Dr. Keith Ashley, an archeologist, says the majority of Jacksonville's history is indigenous.

JACKSONVILLE, Fla. — The University of North Florida is digging up the past in Jacksonville's Big Talbot Island State Park. Its archeology lab found a lost indigenous town known as Sarabay. 

It was home to the first indigenous population before Europeans arrived. Experts believe the site dates back approximately from 1580 to 1620. 

Dr. Keith Ashley, an archeologist with UNF, says the site was discovered during the 90s. 

"This is very cool," Dr. Ashley smirked. 

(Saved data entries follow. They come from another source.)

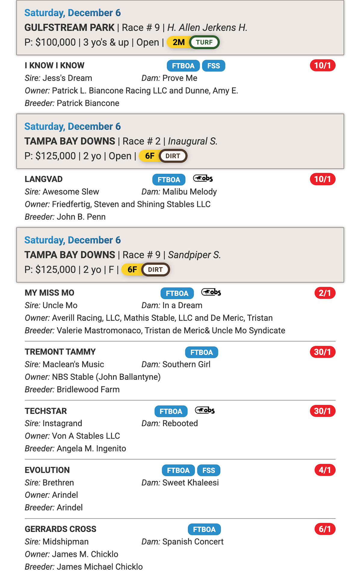 • My Miss Mo, Gerrards Cross, Evolution Lead Strong Florida-bred Contingent in Sandpiper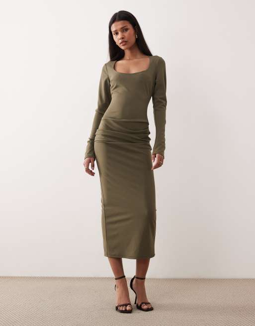 ASOS DESIGN – Langärmliges Midikleid in Khaki mit U-Ausschnitt und geraffter Taille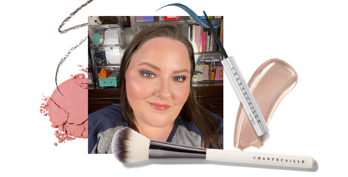 “3 makeup must-haves: an amazing highlighter, colorful eyeliner, and Chantecaille Perfect Blur Finishing Powder”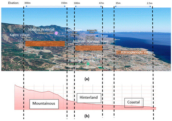 (a) Kyrenia city (bird’s eye) with its various topographies; (b) the land-form analysis of topographic regions, coastal, hinterland, and mountainous regions with specific elevations within the context of this study.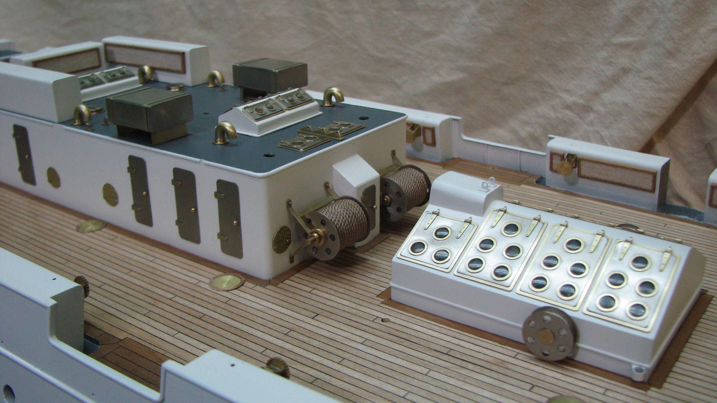 На котельном кожухе носовой трубы их 6 , но меньшего диаметра. На исторической модели и на фото в США крышки горловин закрыты, но на одном снимке , на бортовой коечной сетке, в походном положении , закреплен вентраструб малого размера . Вероятно это как раз он и ставился на горловину на крышке котельного кожуха ближайшей трубы.
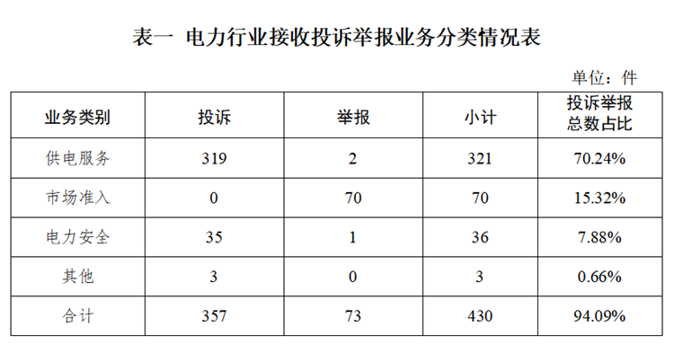 2024年3月,國家能源局12398能源監管熱線(以下簡稱12398熱線)共接收投訴舉報457件,辦結投訴舉報530件(含往期結轉)?,F將有關情況通報如下: 一、當月接收情況 2024年3月,12398熱線共接收投訴舉報457件,同比下降28.44%、環比增長5.79%。其中:投訴383件,同比下降28.54%、環比下降4.73%;舉報74件,同比下降23.71%、環比增長146.67%。 ?。ㄒ唬┓诸惽闆r 1.按被投訴舉報行業分類 電力行業排在首位,數量為430件、占投訴舉報總數的94.09%,主要集中在供電服務、市場準入、電力安全等方面。 ?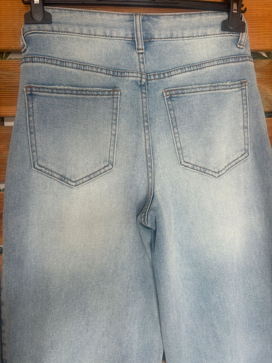 Pantalón vaquero de tiro alto que estiliza la silueta y favorece mucho la figura, pierna muy amplia con un efecto fluido y relajado. Lleva 5 bolsillos, dos delanteros, dos traseros y uno pequeño. Cierre con cremallera y botón metálico.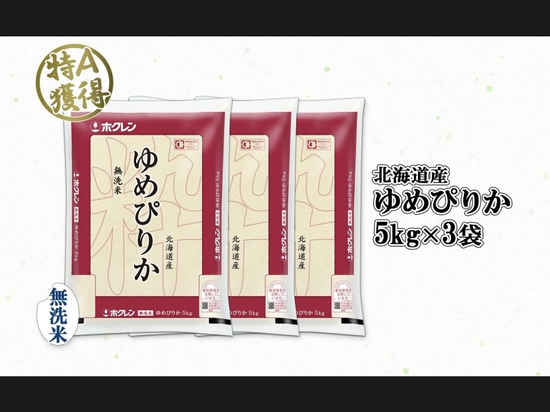北海道産 ゆめぴりか 無洗米 15kg(5kg×3袋)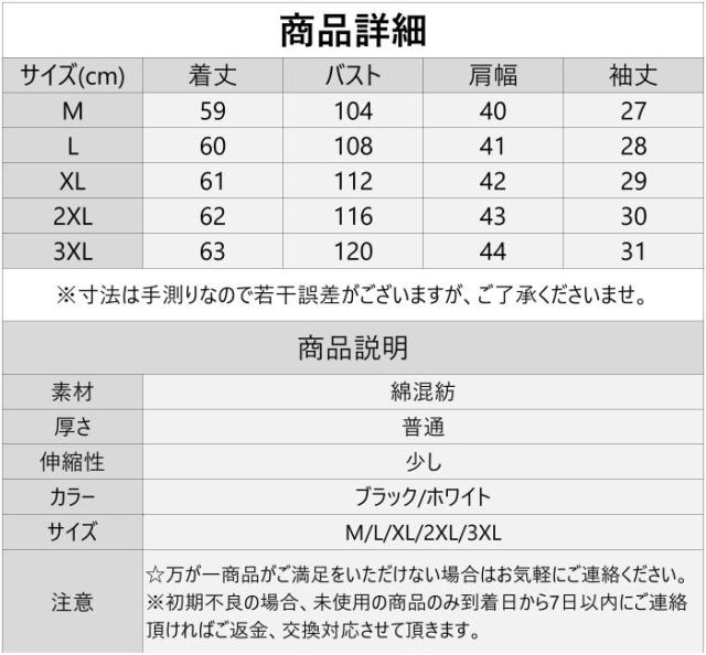 ▼サイズ:M/L/XL/2XL/3XL(単位:CM)

Their findings lead to them to believe they're in the heart of the Sarabay, or downtown. So far, the team dug up artifacts such as: indigenous pottery, bone and shell tools and a few stone arrowheads. Ashley said the land was occupied by Mocama speaking Timucua Natives. UNF said it first found artifacts and building posts that confirmed the location of Sarabay in 2020.

In the last four summers, Dr. Ashley and his team of students uncover as much as they can. Collected items will be analyzed and shipped to Tallahassee for storage. To Dr. Ashley, residents should know finding generational artifacts is acknowledging a people who called this land home before it was known as the First Coast. 

"Jacksonville's history actually goes back 10,000-12,000 years before that. 98% of Jacksonville's history is indigenous history," Ashley said. "I think it's really important to learn that there's this great dynamic and wonderful history prior to Europeans arriving."